Member of the Los Angeles City Council for the at-large district
- In office December 10, 1909 – July 1, 1917

Personal details
- Born: 1860
- Died: 1942 (aged 81–82)

= Martin F. Betkouski =

American politician

Martin Francis Betkouski (1860 – 1942) was a member of the Los Angeles City Council between 1909 and 1917.

==Public service==
In 1906 Betkouski was a member of the Los Angeles Fire Commission.

A Los Angeles County grand jury in 1917 accused him as a City Council member of misconduct in office in connection with property transactions in the area where Union Station (Los Angeles) was eventually built.
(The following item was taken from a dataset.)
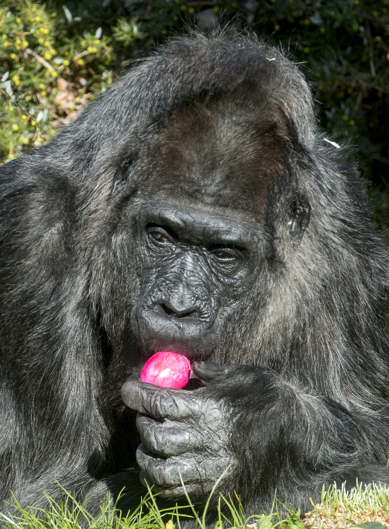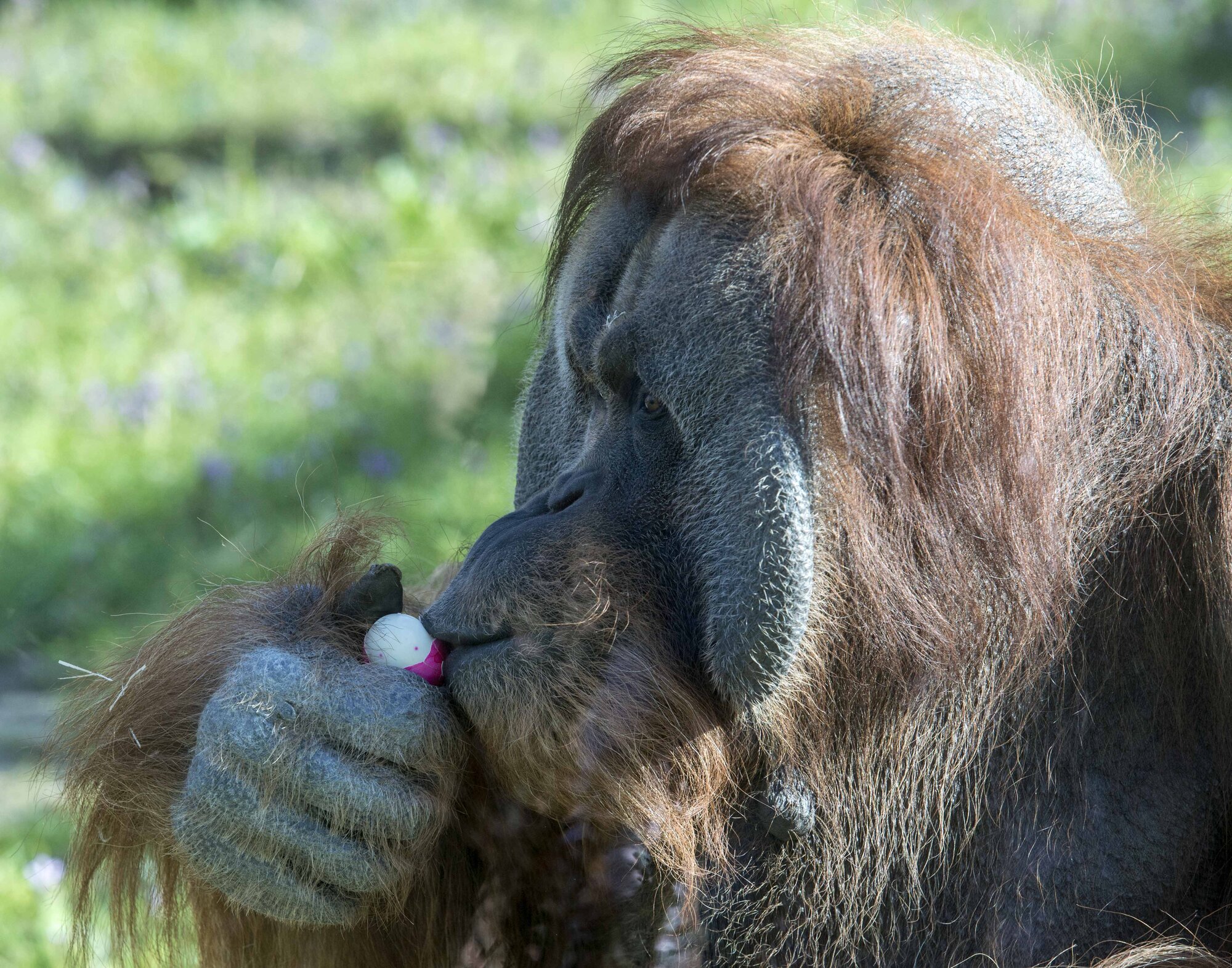 Behutsam nimmt die betagte Gorilla-Seniorin Fatou (62) ein farbiges Ei aus dem Nest, bevor sie es vorsichtig schält. Auch Orang-Utan Mano (42) hat die seltene „Eier-mit-dem-Mund-pellen“-Technik beinahe perfektioniert. Die kleine Eisbärin Hertha im Tierpark konnte jedoch auch nach intensiver Suche kein Osterei finden, dafür hat der Osterhase sie mit seiner Leibspeise – saftigen Karotten – überrascht. Es scheint, als begeben sich zu Ostern nicht nur die Menschen auf die große Suche.

According to the Los Angeles Times, the councilman, from the Seventh Ward, was alleged "to have realized a profit of more than $50,000 by securing options on property within the terminal site, before the owners were aware of the proposed improvement." He was also said to have received a check of "several thousand dollars" from attorney Isadore Dockweiler, who represented the terminal company.

Betkouski ran for reelection in 1917, placing 15th in a field of eighteen candidates, of whom only the first nine were successful in a first-past-the post election.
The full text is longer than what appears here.